Where is this data from?

This chart is based on data from KOTRA (the Korea Trade-Investment Promotion Agency), which in turn is based on mirror statistics reported by GTIS Global Trade Atlas, with corrections for possible misreporting.

How are trade categories organized?

This chart is based on the Harmonized System of merchandise trade classifications, an internationally-recognized and standardized system. Categories in the chart are mostly categorized by HS section, the broadest grouping of merchandise definitions. HS sections under which North Korea has minimal exports are included in the "other or unspecified" pie slice. Clicking on an individual pie slice will bring up data on 2-digit HS chapters within that section. (HS codes are further subdivisible into 4-digit and 6-digit definitions, which are not included in this chart.)

What are North Korea's primary exports?

Anthracite coal has been North Korea's most valuable merchandise export -- for most of the past decade, coal exports have accounted for at least of third of North Korea's total reported exports. Other major reported exports have included seafood, textiles, and other mineral products.

However, successive UN Security Council Resolutions have placed increasing restrictions on North Korea's exports; the several UN sanctions resolutions adopted in 2017 collectively prohibit virtually all of North Korea's major exports. In subsequent years, reported exports of a handful of non-sanctioned goods, such as watches and wigs. 

Where can I find more detailed data?

The UN Comtrade database allows users to research trade patterns based on HS codes, trading partners, and years. Additionally, MIT's Observatory of Economic Complexity offers useful data visualizations for examining trade data for North Korea, as well as for other countries.

What do international sanctions prohibit North Korea from exporting?

Successive UN Security Council Resolutions, most recently UNSCR 2397 (adopted in December 2017), restrict or prohibit certain categories of trade with North Korea, as well as placing restrictions on the country's financial and shipping activities.

The Resolutions include an arms embargo, and a prohibition on the sale or transfer of dual use items that could be used for nuclear, missile, or WMD development.

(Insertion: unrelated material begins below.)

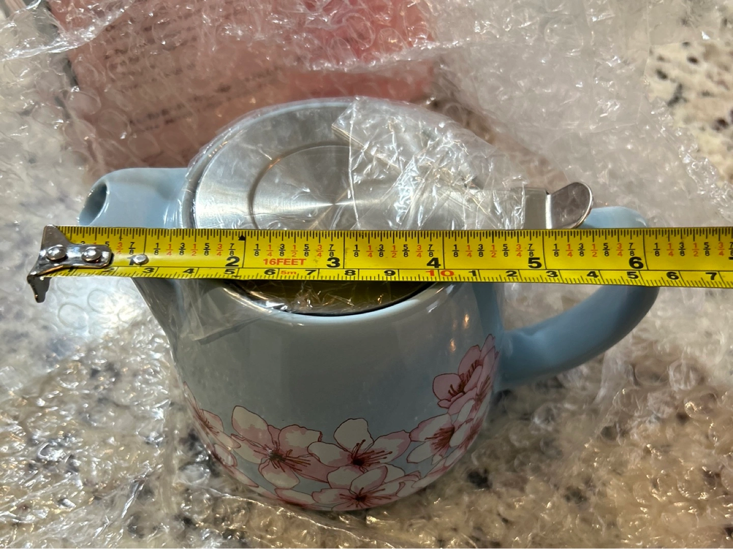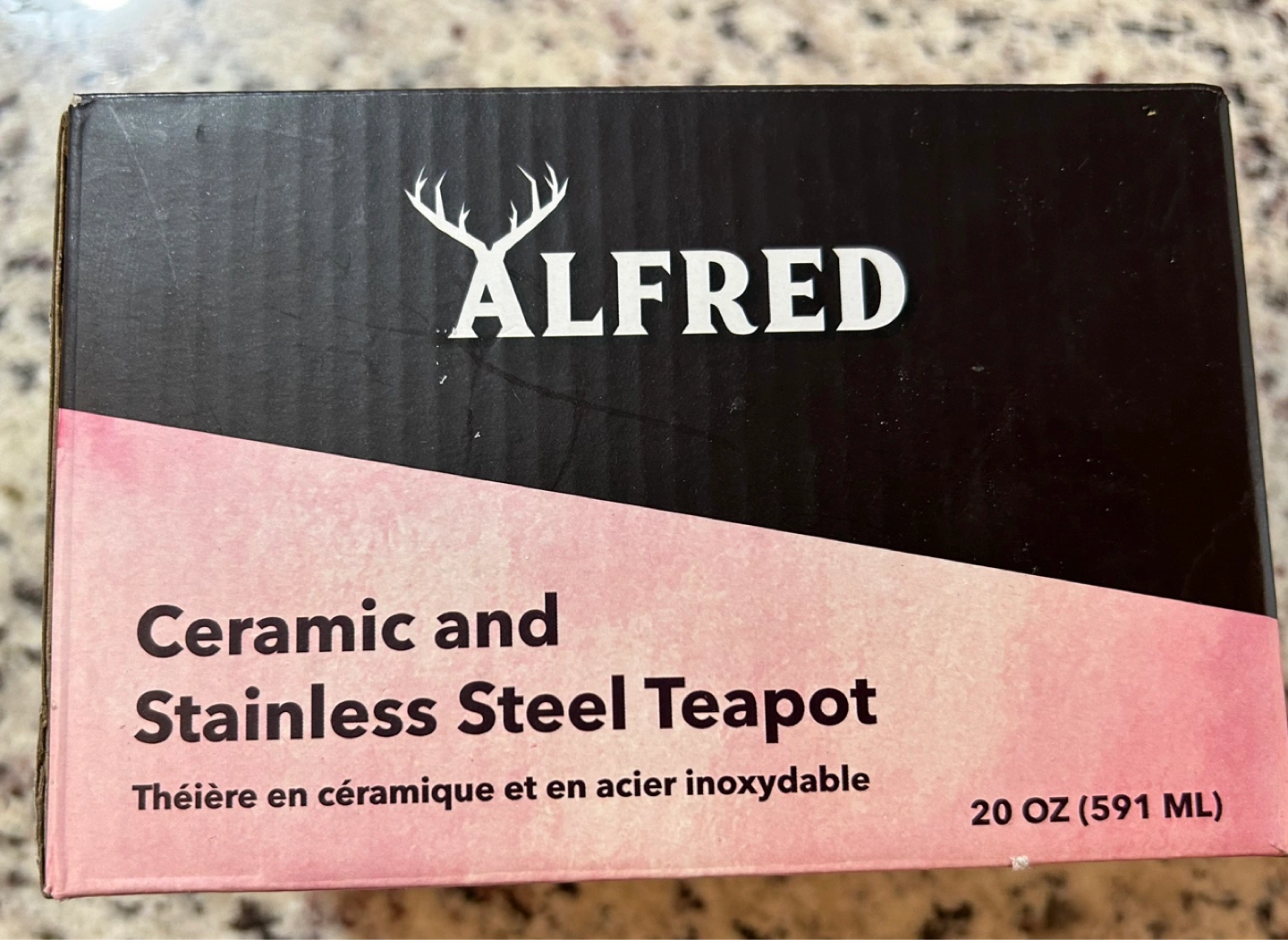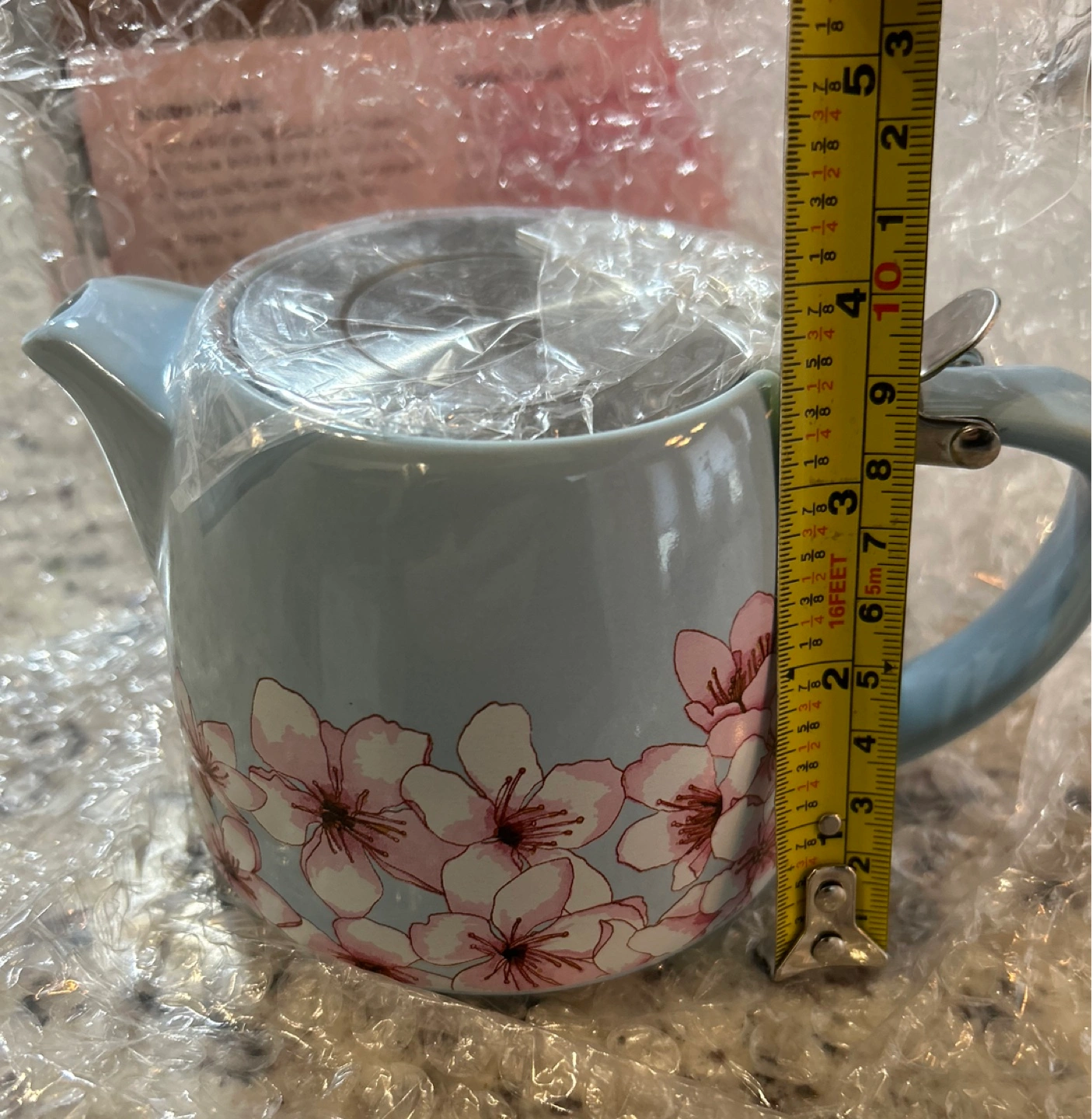 New, in box. 20 oz (591 mL) capacity. Ceramic and stainless steel construction. Includes infuser. Brewing times for various teas are printed on the box.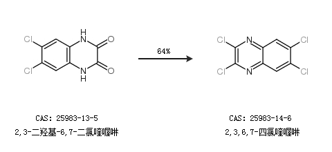 1.通过2,3-二羟基-6,7-二氯喹喔啉合成2,3,6,7-四氯喹喔啉,收率约64%;

The most recent Resolutions also prohibit North Korea from exporting certain goods and commodities, including:

  • Minerals including coal, iron and iron ore, copper, nickel, silver, zinc, gold, titanium ore, vanadium ore, rare earths, magnesite and magnesia, and other earth and stone products;
  • Food (including seafood and fishing rights) and agricultural products;
  • Statues;
  • Textiles;
  • Machinery and electrical equipment; and
  • Vessels.

The most recent resolutions also prohibit third countries from renewing or granting new work authorizations to DPRK nationals, and required those countries to repatriate these overseas workers by December 2019.